§ Exercise: In the entries below, find the line containing "通過(guò)材料優(yōu" and the line containing "Vintage Lighthouse! Luggage". Copy those two lines and everything between them exactly, without the pictures.

§ Dataset records:

↓↓↓

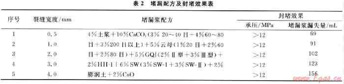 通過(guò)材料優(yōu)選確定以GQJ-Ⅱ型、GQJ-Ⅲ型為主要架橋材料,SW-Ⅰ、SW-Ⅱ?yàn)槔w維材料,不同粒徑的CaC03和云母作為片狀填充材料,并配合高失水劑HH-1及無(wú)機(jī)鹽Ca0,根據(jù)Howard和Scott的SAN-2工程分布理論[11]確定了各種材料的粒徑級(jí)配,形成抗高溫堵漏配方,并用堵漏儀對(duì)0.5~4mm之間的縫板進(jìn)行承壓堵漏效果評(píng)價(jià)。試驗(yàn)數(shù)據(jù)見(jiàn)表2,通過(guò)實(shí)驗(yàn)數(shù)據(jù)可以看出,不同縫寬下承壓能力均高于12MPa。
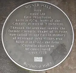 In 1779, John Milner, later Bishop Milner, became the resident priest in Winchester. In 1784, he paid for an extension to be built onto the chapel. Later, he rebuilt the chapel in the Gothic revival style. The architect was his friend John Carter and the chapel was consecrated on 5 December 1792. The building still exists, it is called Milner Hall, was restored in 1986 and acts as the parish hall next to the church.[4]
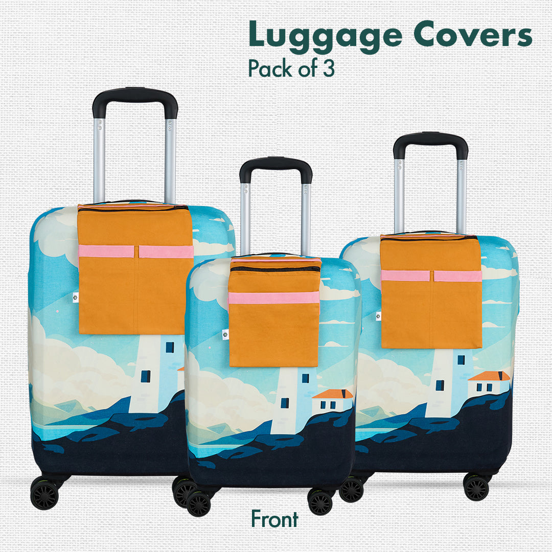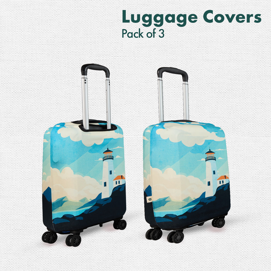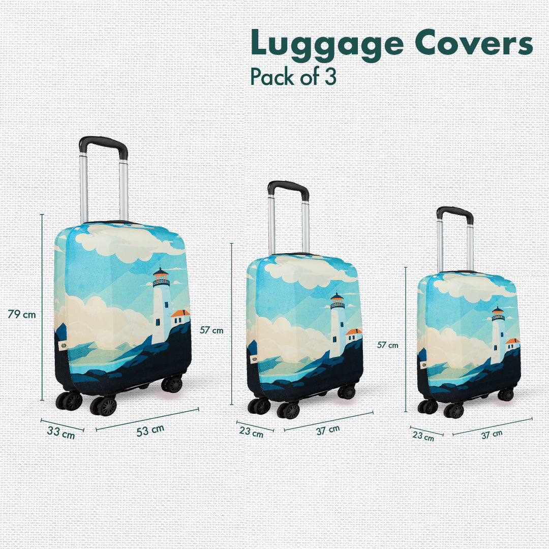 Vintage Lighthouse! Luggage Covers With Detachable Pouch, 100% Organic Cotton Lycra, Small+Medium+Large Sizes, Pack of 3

↑↑↑
↓↓↓

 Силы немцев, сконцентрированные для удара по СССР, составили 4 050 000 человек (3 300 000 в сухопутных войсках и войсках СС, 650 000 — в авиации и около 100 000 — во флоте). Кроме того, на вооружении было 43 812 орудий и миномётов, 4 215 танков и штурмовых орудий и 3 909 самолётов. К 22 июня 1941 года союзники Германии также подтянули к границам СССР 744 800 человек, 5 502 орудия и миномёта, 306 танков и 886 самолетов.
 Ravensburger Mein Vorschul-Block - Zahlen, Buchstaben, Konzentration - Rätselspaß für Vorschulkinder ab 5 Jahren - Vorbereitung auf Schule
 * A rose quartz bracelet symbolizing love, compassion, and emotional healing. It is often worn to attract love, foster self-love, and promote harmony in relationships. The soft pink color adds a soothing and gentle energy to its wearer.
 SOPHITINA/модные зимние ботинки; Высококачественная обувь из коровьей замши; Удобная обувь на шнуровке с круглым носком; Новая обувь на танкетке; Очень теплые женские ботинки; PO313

↑↑↑
↓↓↓

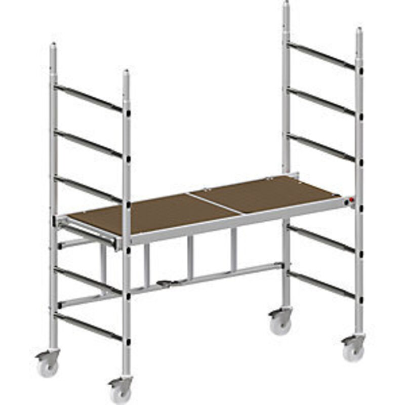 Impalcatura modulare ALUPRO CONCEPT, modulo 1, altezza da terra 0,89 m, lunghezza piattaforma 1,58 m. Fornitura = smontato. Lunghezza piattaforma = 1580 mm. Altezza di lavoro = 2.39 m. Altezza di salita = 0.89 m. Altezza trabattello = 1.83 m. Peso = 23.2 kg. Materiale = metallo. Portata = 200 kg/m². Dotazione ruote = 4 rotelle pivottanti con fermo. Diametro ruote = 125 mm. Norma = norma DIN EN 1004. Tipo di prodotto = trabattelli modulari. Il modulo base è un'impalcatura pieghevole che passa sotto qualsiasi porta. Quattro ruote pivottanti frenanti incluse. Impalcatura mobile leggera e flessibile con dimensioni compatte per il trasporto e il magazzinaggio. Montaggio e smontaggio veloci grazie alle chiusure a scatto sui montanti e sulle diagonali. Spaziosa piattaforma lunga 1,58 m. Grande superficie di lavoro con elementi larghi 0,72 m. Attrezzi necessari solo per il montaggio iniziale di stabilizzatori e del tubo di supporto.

↑↑↑

§ Task output:
 通過(guò)材料優(yōu)選確定以GQJ-Ⅱ型、GQJ-Ⅲ型為主要架橋材料,SW-Ⅰ、SW-Ⅱ?yàn)槔w維材料,不同粒徑的CaC03和云母作為片狀填充材料,并配合高失水劑HH-1及無(wú)機(jī)鹽Ca0,根據(jù)Howard和Scott的SAN-2工程分布理論[11]確定了各種材料的粒徑級(jí)配,形成抗高溫堵漏配方,并用堵漏儀對(duì)0.5~4mm之間的縫板進(jìn)行承壓堵漏效果評(píng)價(jià)。試驗(yàn)數(shù)據(jù)見(jiàn)表2,通過(guò)實(shí)驗(yàn)數(shù)據(jù)可以看出,不同縫寬下承壓能力均高于12MPa。
 In 1779, John Milner, later Bishop Milner, became the resident priest in Winchester. In 1784, he paid for an extension to be built onto the chapel. Later, he rebuilt the chapel in the Gothic revival style. The architect was his friend John Carter and the chapel was consecrated on 5 December 1792. The building still exists, it is called Milner Hall, was restored in 1986 and acts as the parish hall next to the church.[4]
 Vintage Lighthouse! Luggage Covers With Detachable Pouch, 100% Organic Cotton Lycra, Small+Medium+Large Sizes, Pack of 3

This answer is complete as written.